I am trying to learn about the Cisco security products such as the PIX and ASA products so when the security staff speak to me about things they need to accomplish, I do not come across as a complete fool. To become a bit more "aware", I decided to set up a tiny lab and see what a PIX can really accomplish and to learn more about what the staff is trying to do.

Having configured it both with the command line and also with an attempt using the web interface, I am still unable to pass traffic from the inside to the outside. I am sure it is something really stupid. I did buy the Cisco book (Cisco Secure PIX firewalls - very useful) and tried to use some of the examples in this book.

Attached is my configuration. I have removed the sensitive data of the test and the external public network. The PIX sits behind an edge router which has public IP on both sides.

Any ideas would be great. I am sure it is a simple issue.

Thank you

Kevin

PIX Version 6.3(3)
interface ethernet0 100full
interface ethernet1 100full
interface ethernet2 100full
nameif ethernet0 outside security0
nameif ethernet1 inside security100
nameif ethernet2 dmz security50
hostname gateway
domain-name example.com
fixup protocol dns maximum-length 512
fixup protocol ftp 21
fixup protocol h323 h225 1720
fixup protocol h323 ras 1718-1719
fixup protocol http 80
fixup protocol http 8080
fixup protocol mgcp 2424
fixup protocol mgcp 2727
no fixup protocol rsh 514
fixup protocol rtsp 554
fixup protocol sip 5060
fixup protocol sip udp 5060
fixup protocol skinny 2000
fixup protocol smtp 25
no fixup protocol sqlnet 1521
fixup protocol tftp 69
names
name 192.168.0.126 frog
access-list outside_access_in remark Incoming SMTP traffic to frog
access-list outside_access_in permit tcp any gt 1023 host frog eq smtp
pager lines 150
logging on
logging timestamp
logging buffered debugging
logging trap informational
logging history warnings
logging host inside natalie
icmp permit 111.111.111.0 255.255.255.0 echo outside
icmp permit 192.168.0.0 255.255.255.0 echo inside
mtu outside 1500
mtu inside 1500
mtu dmz 1500
ip address outside 111.111.111.10 255.255.255.0
ip address inside 192.168.0.254 255.255.255.0
ip address dmz 172.16.3.1 255.255.255.0
ip audit name outside info action alarm
ip audit interface outside outside
ip audit info action alarm
ip audit attack action alarm
pdm logging debugging 100
pdm history enable
arp timeout 14400
global (outside) 1 111.111.111.8-111.111.111.9 netmask 255.255.255.0
nat (inside) 1 192.168.0.0 255.255.255.0 0 0
access-group outside_access_in in interface outside
route outside 0.0.0.0 0.0.0.0 111.1.111.1 1
timeout xlate 3:00:00
timeout conn 1:00:00 half-closed 0:10:00 udp 0:02:00 rpc 0:10:00 h225 1:00:00
timeout h323 0:05:00 mgcp 0:05:00 sip 0:30:00 sip_media 0:02:00
timeout uauth 0:05:00 absolute
aaa-server TACACS+ protocol tacacs+
aaa-server RADIUS protocol radius
aaa-server LOCAL protocol local
http server enable
http 111.111.111.0 255.255.255.0 outside
http 192.168.0.0 255.255.0.0 inside
snmp-server enable traps
floodguard enable
sysopt connection tcpmss 1500
telnet 192.168.0.0 255.255.255.0 inside
telnet timeout 5
console timeout 0
url-block url-mempool 2
url-block url-size 2
terminal width 100

Kureli Sankar · ‎12-21-2009

What traffic is failing?

You say unable to ping from CLI to outside.
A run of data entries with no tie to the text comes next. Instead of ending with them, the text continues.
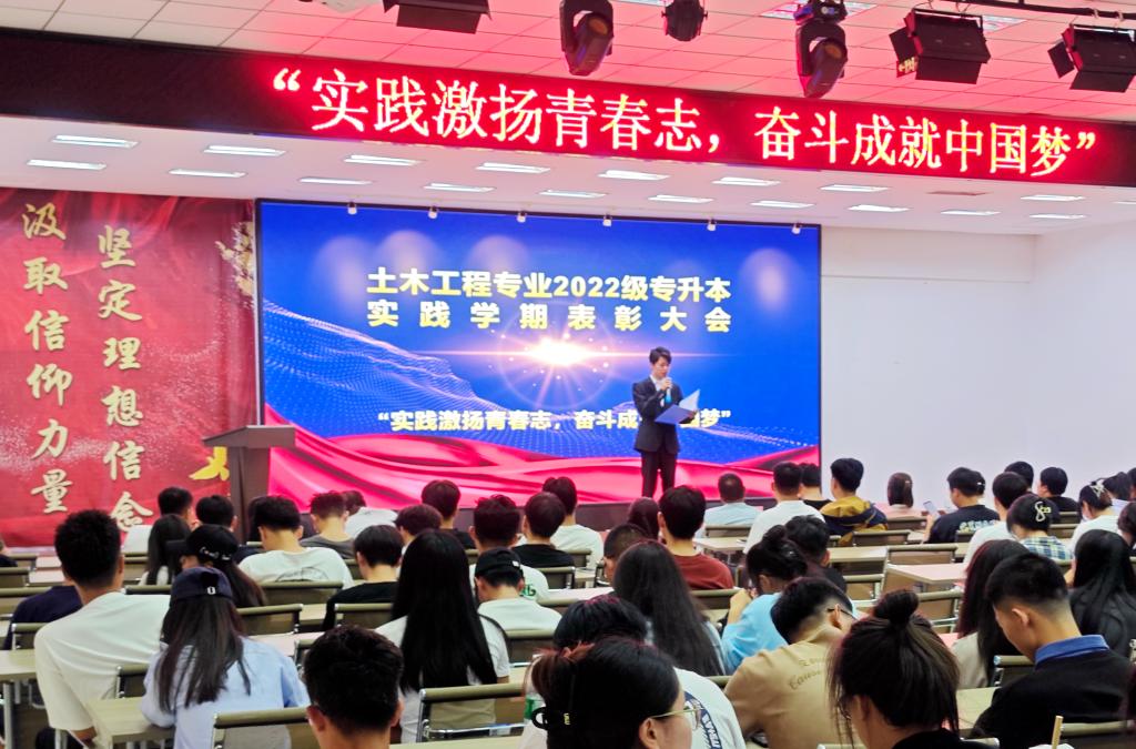 9月7日18时,建筑工程系2022级专升本专业实践学期总结表彰大会在2号教学区2508室举行。系党总支书记、副主任徐明,副书记、学生工作副主任刘贤鹏,教学副主任郝丽娜,土木工程专业负责人钟美慧、教师代表贺全德,以及全体2022级专升本全体学生、2023级专升本及普本学生代表参加。首先,教学副主任郝丽娜对专升本专业实践学期进行了总结。她表示,专业实践学期为学生提供真实的职业环境,在真实的职业环境中真学、真做,掌握真...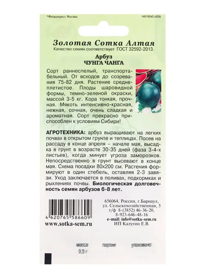 Семена Арбуз Чунга Чанга /Сотка/ 0,5г/ раннесп. 3-5кг/*900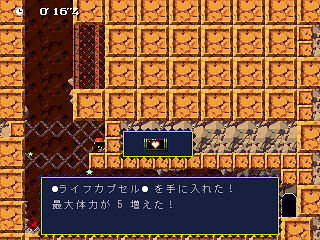 着地した位置にライフカプセル。ここでライフが最大の55となる。ちなみに、ワタシはこのカプセルを武器エネルギー同様撃って壊すものとず〜っと勘違いし続けていて、しばらくの間タイムアタックをライフ50で行っていたorz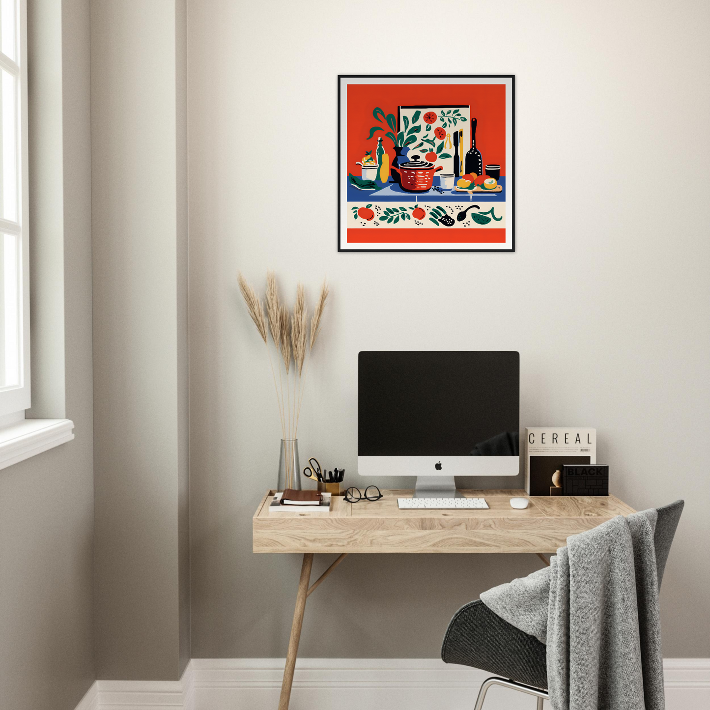 Our Pot Bohemian Bounty Framed Wall Art adds color, vibrancy, and warmth to kitchens and dining spaces. With hues of vibrant red, green, and blue, it beautifully complements both contemporary and classic interiors. Enrich your surroundings with a homage to the warmth and joy of meals shared.

You tried to ping 111.1.111.1 from the firewall and that didn't work?

You may want to remove this line for now until you get done testing so, ICMP is not restricted.

icmp permit 111.111.111.0 255.255.255.0 echo outside

nat/route/permission look good.

Add the following:

fixup protocol icmp

For other broken traffic pls. check the logs.

sh logg | i x.x.x.x

where x.x.x.x is the ip address of a test host on the inside.

-KS

kgreene2 · ‎12-21-2009

Hi:

I did the changes you suggested.

The log entries are:

gateway# show logging | grep 111.111.111.1
400010: IDS:2000 ICMP echo reply from 111.111.111.1 to 111.111.111.10 on interface outside
313001: Denied ICMP type=0, code=0 from 111.111.111.1 on interface 0

So it looks like there is some rule that is not allowing echo-replys back to the inside user.

I also tried this:

gateway# clear xlate
gateway# ping 111.111.111.1
        111.111.111.1 NO response received -- 1000ms
        111.111.111.1 NO response received -- 1000ms
        111.111.111.1 NO response received -- 1000ms
gateway#

Thanks...

Kevin

wotishalang · ‎12-21-2009

Hi Kevin,

There's no built-in fixup protocol for ICMP. The firewall allows the outbound traffic for icmp but drops the return traffic. To be able to do a ping from inside hosts to outside, you need to add a line on your acl that will permit icmp to pass thru.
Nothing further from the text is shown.